Robert Davenport

Personal information
- Full name: Robert Noel Davenport
- Born: 26 November 1852 Adelaide, Colony of South Australia
- Died: 22 December 1934 (aged 82) Port Elliott, South Australia
- Role: Batsman

Domestic team information
- 1881/82–1883/84: Otago
- Source: ESPNcricinfo, 8 May 2016

= Robert Davenport (cricketer) =

New Zealand cricketer

Robert Noel Davenport (26 November 1852 - 22 December 1934) was a New Zealand cricketer. He played two first-class matches for Otago, one in each of the 1881–82 and 1883–84 seasons.

Robert Noel Davenport was born at Adelaide in 1852. He was the son of Robert Davenport, a pioneer and politician in the early days of the Colony of South Australia.

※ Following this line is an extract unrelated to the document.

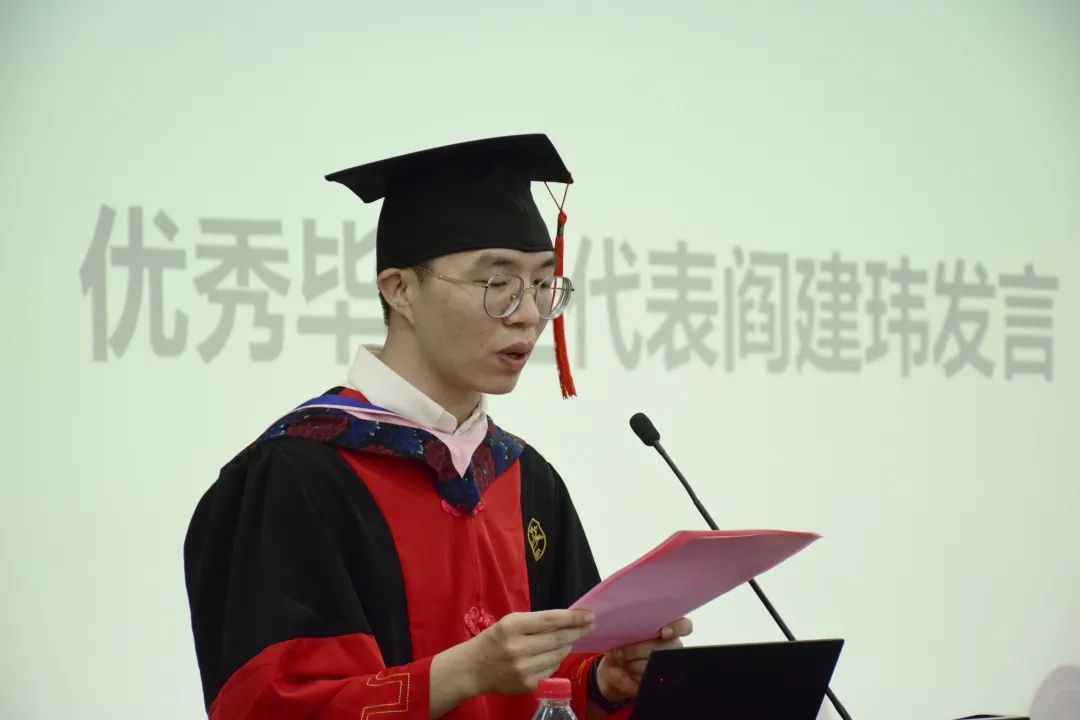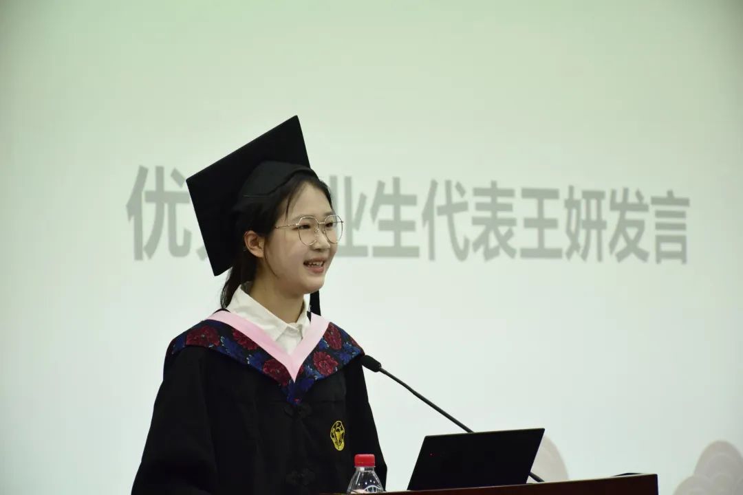 毕业生代表依次上台发言,表达了对学校、学院、老师的感激和不舍。优秀毕业本科生代表王妍回顾了过往的四年求学时光,学子们在学院的用心栽培下,在四课堂均衡发展的要求下,成长为兼具理性思辨和人文关怀、兼具家国担当与全球视野的外院人,她表示要带着四年的回忆和启迪在岗位上发光出彩,以此为不竭动力,为学校和学院增光添彩。优秀毕业研究生代表阎建玮回望了自己的科研之路,一次次的“促膝长谈”,一遍遍的 “字斟句酌”汇聚成了今日的“厚积薄发”。在外国语学院构建的坚实科研平台下,在导师的谆谆教导下,自己的科研能力逐年累月地提升。他表示,作为外语人,要心怀“国之大者”,秉承“求是创新”精神,扎根中国大地、不断开拓进取,用所学所知、所思所悟,为实现中华民族的伟大复兴献出一份力量;要拓展学术的外延,始终把个人梦想和中国梦有机结合起来,把家国情怀和世界目光结合起来,为全人类的福祉奋斗终身。

His uncle, Samuel Davenport, was also an early pioneer, the brothers having arrived in Australia in 1843. Davenport was educated at St Peter's College in Adelaide and then in England at Mill Hill School. He worked for the National Bank of Australasia before farming in Queensland.

As a young man, Davenport was considered a "brilliant athlete" and a "well-known cricketer". He played against a touring English side led by WG Grace at Melbourne and played club cricket in New Zealand for Phoenix Cricket Club in Dunedin. He was described in January 1882 by the Otago Daily Times as a "high order" batsman with "the strongest defence" who was also "an excellent field". The paper went on to suggest that "as an all-round player, in short, he cannot be far off being the best man in the Southern Province". He played for an Otago XI against a visiting English team led by Alfred Shaw later in the month and in February played the first of his two first-class matches, playing against Canterbury in Otago's only first-class match of the season. He played again for the province in February 1884, this time against a touring Tasmanian side. He scored a total of 54 first-class runs, with a highest score of 38 not out scored against Tasmania.

Davenport lived at Port Elliot with his wife in a home which had been established by his father. The couple had no children. He died in 1934 aged 82.